* **EXERCISE DATA**
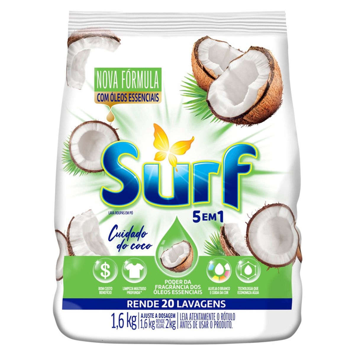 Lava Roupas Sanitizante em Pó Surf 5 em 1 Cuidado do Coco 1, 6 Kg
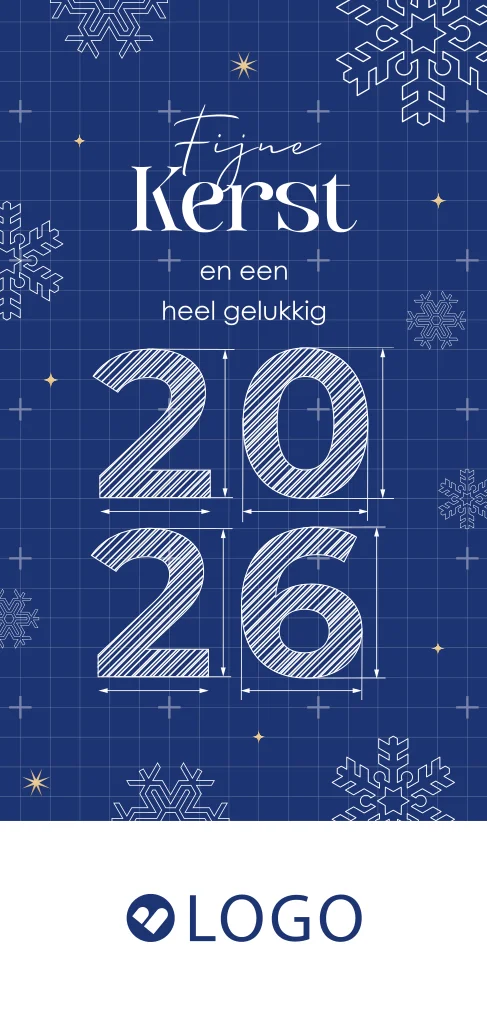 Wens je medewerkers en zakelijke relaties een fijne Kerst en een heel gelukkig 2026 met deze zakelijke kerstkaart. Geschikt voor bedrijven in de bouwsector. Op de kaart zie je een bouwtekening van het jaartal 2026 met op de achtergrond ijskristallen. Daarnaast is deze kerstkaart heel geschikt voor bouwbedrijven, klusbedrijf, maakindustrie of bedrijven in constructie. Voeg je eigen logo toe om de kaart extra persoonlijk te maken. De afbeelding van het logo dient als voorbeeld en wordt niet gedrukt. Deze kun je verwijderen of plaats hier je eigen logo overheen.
--
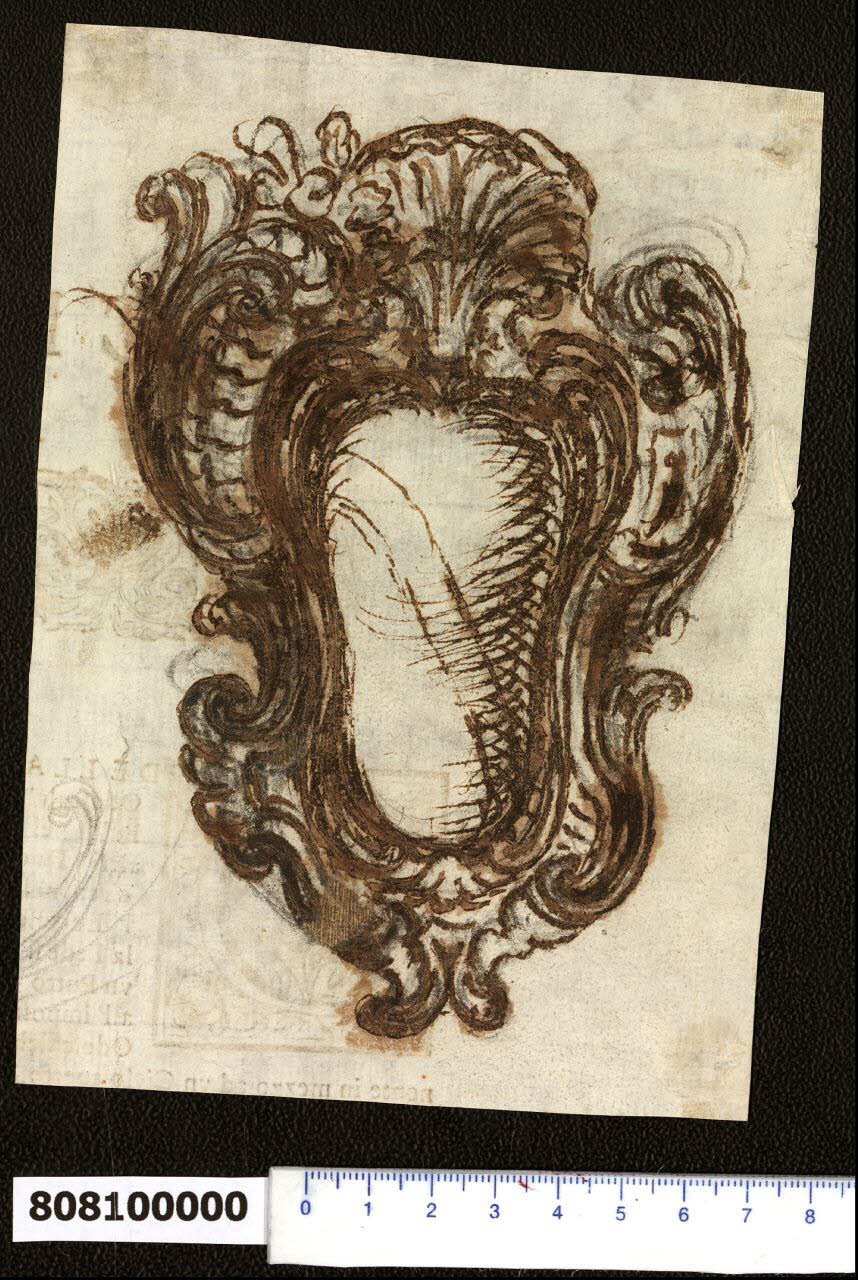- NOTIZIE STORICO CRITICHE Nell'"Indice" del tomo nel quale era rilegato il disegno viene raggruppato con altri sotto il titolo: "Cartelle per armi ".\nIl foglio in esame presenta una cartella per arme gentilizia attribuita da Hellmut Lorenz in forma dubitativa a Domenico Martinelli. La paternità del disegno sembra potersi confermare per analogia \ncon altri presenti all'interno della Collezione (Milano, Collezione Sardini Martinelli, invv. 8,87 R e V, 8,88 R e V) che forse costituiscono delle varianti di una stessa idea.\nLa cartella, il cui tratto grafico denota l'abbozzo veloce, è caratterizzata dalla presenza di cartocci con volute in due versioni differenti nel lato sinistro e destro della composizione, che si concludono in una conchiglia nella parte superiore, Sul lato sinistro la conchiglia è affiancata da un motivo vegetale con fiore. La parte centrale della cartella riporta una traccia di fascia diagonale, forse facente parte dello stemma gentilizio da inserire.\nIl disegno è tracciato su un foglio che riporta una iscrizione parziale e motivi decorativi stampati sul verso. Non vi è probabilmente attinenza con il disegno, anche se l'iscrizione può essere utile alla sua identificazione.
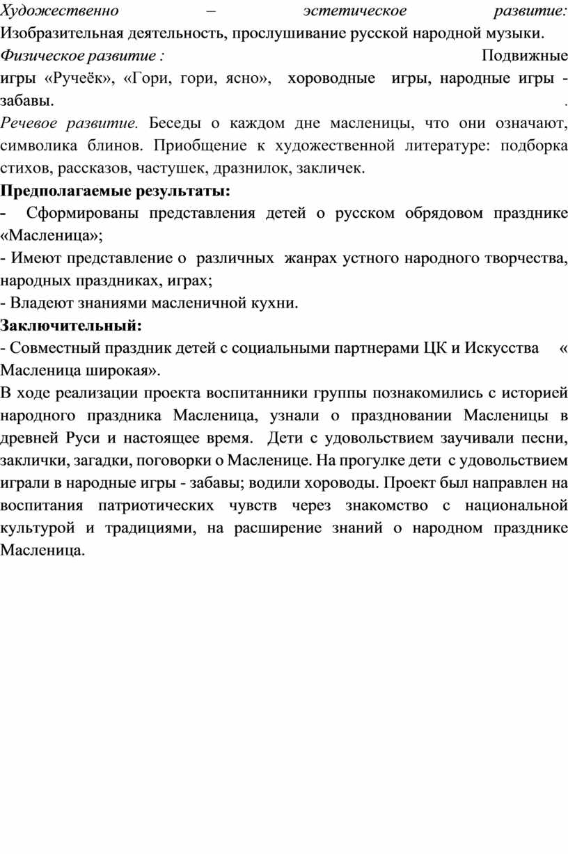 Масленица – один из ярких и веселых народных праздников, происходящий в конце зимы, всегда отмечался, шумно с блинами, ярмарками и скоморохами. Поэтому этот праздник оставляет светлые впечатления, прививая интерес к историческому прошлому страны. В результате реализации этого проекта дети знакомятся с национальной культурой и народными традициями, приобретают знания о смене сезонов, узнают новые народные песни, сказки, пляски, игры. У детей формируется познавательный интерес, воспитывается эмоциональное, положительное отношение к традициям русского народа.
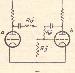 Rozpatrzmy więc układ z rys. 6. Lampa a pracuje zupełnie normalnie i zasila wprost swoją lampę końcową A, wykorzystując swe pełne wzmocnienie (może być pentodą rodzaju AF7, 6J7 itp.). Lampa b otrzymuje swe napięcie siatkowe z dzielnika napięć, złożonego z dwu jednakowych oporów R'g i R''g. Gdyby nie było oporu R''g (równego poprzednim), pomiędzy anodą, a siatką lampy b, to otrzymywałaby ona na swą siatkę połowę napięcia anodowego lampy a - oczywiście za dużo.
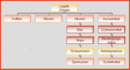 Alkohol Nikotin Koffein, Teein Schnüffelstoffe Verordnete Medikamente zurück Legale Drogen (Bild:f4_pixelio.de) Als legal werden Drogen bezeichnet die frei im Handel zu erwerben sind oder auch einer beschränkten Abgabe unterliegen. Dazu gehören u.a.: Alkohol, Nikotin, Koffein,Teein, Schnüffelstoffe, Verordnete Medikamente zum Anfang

* **TASK TO CARRY OUT**
Leave the pictures out, and transcribe exactly the lines above starting at the one that contains "Rozpatrzmy więc układ" and ending at the one that contains "Alkohol Nikotin Koffein, Teein".

* **YOUR SOLUTION**
 Rozpatrzmy więc układ z rys. 6. Lampa a pracuje zupełnie normalnie i zasila wprost swoją lampę końcową A, wykorzystując swe pełne wzmocnienie (może być pentodą rodzaju AF7, 6J7 itp.). Lampa b otrzymuje swe napięcie siatkowe z dzielnika napięć, złożonego z dwu jednakowych oporów R'g i R''g. Gdyby nie było oporu R''g (równego poprzednim), pomiędzy anodą, a siatką lampy b, to otrzymywałaby ona na swą siatkę połowę napięcia anodowego lampy a - oczywiście za dużo.
 Alkohol Nikotin Koffein, Teein Schnüffelstoffe Verordnete Medikamente zurück Legale Drogen (Bild:f4_pixelio.de) Als legal werden Drogen bezeichnet die frei im Handel zu erwerben sind oder auch einer beschränkten Abgabe unterliegen. Dazu gehören u.a.: Alkohol, Nikotin, Koffein,Teein, Schnüffelstoffe, Verordnete Medikamente zum Anfang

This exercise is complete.